Whilst most of us are not so challenged now as those who in history who have been occupied or taken captive, or those who were at war or imprisoned, nonetheless we can be reminded that our relative trials must be faced with
song. Music is the basis on which our spirits are to be revived.
We may not be in the familiar and safe surroundings of our own buildings .. nor were the Israelites. We may not have our instruments or hymn books .. nor did the soldiers in the War. We may not be able to gather choirs to support us .. nor did Paul and Silas. So we must follow the example of those who have gone before us at this time of Remembrance and find ways to sing in our hearts on our own where necessary. To sing from our hearts no matter how despondent we might feel. For in doing so we will encourage ourselves and others towards finding peace and courage in troubled times. Song is the gift of God to all people at all times in all circumstances. I encourage you to keep singing no matter what .. and may your heart be strengthened and your joy be found.
This Sunday is Remembrance Sunday in the Church. At the time of writing the current Government Guidelines dictate that we cannot open our churches for a Service of Remembrance, however, it is permitted that local authorities or faith leaders can organise outdoor Remembrance Sunday events at a public war memorial or cenotaph. To do this we must you complete a COVID-19 risk assessment and take all reasonable measures to limit the risk of transmission of the virus as detailed in Government Guidance.
I wanted to let people know that it is my intention to have a brief act of Remembrance at Chebsey War Memorial at 10:50am on Sunday. This will include a minute silence, the laying of a wreath and the Last Post and Reveille.
This event will not be open to the public due to restrictions but limited to:
members of the armed forces, veterans of the armed forces, and/or their representatives or carers
people attending as part of their work (such as local councillors, local faith leaders, the local MP)
people attending in a voluntary capacity on behalf of a recognised organisation
It should be noted that those found not to be compliant with these regulations may be subject to financial penalties.

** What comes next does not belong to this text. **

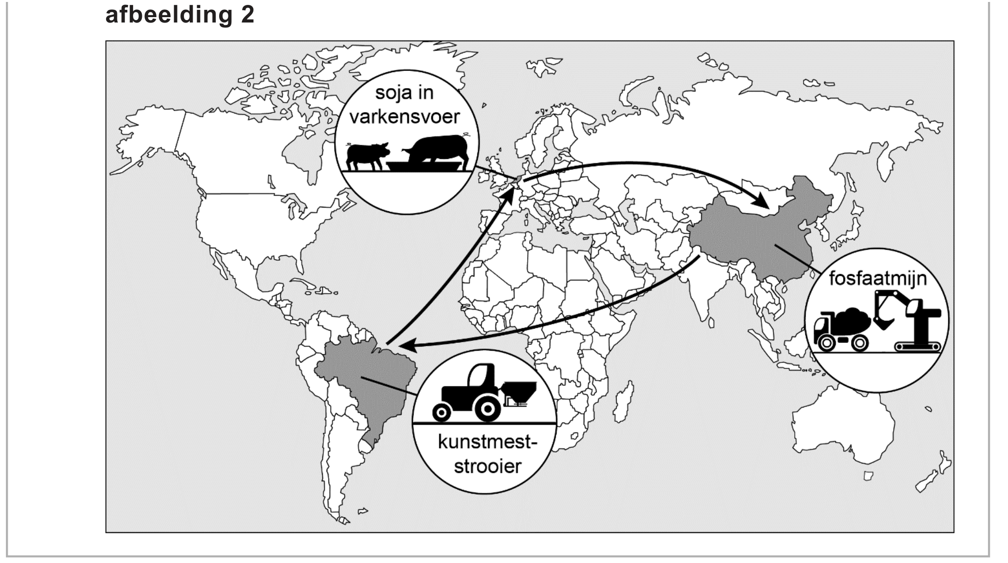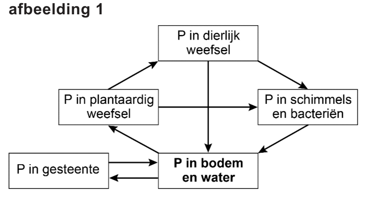 Het element fosfor (P) komt vrij bij verwering van gesteente en wordt gewonnen in fosfaatmijnen. Fosfor kan in de vorm van fosfaat door planten worden opgenomen. Een deel van de fosforverbindingen die in het water terechtkomen, slaat neer en kan op de lange termijn weer onderdeel worden van gesteente. In afbeelding 1 is de fosforkringloop vereenvoudigd weergegeven.

Should you be in one of the above groups and wish to attend could you please inform me in advance either via email at firstname.lastname@example.org or phone 01785 282829.

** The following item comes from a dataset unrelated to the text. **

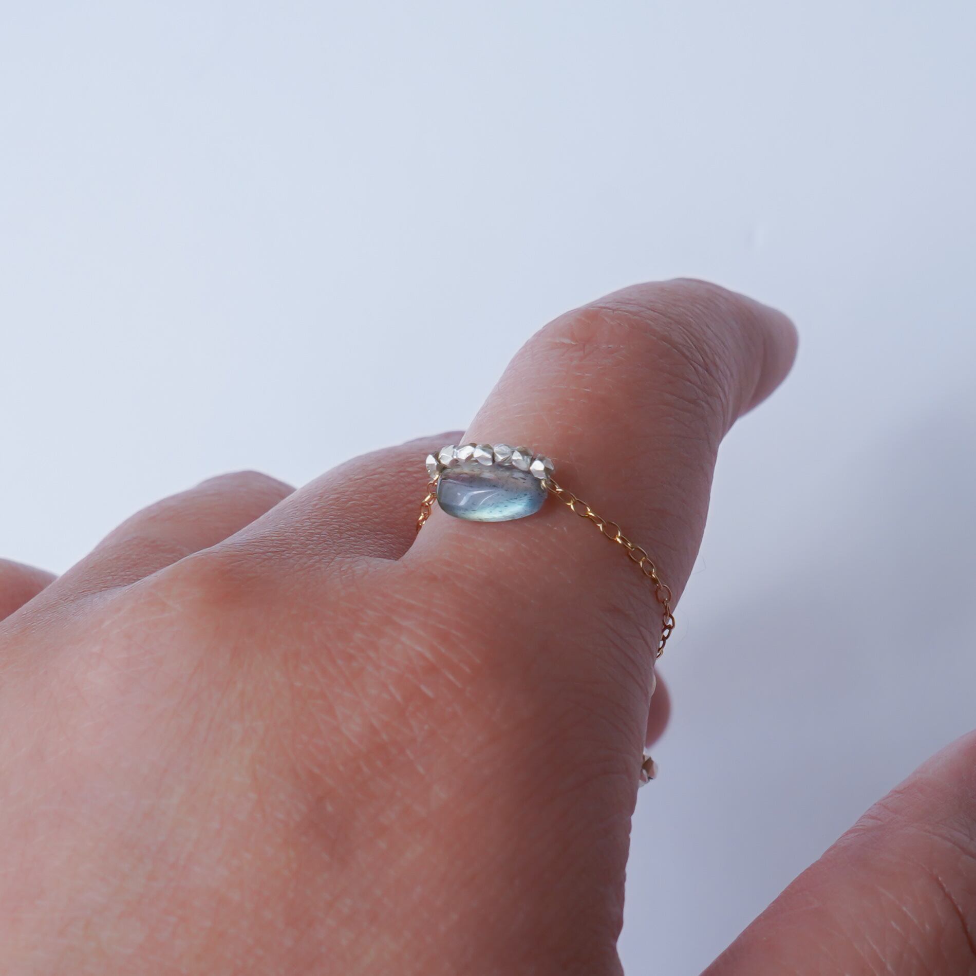 ラブラドライトは、一見するとグレー系の落ち着いた色味です。

I am of course very disappointed that we cannot offer an official service of Remembrance of some sort for people but I do hope this Act of Remembrance at the Chebsey War Memorial will allow people to feel the moment does not pass unmarked. Should you wish to join us in the minute’s silence at 11am on Sunday by standing silently at your door step this will be appreciated I am sure.
Full details of guidelines for events are available at:
With assurance of the church’s continued prayers for our communities and villages in these tough times.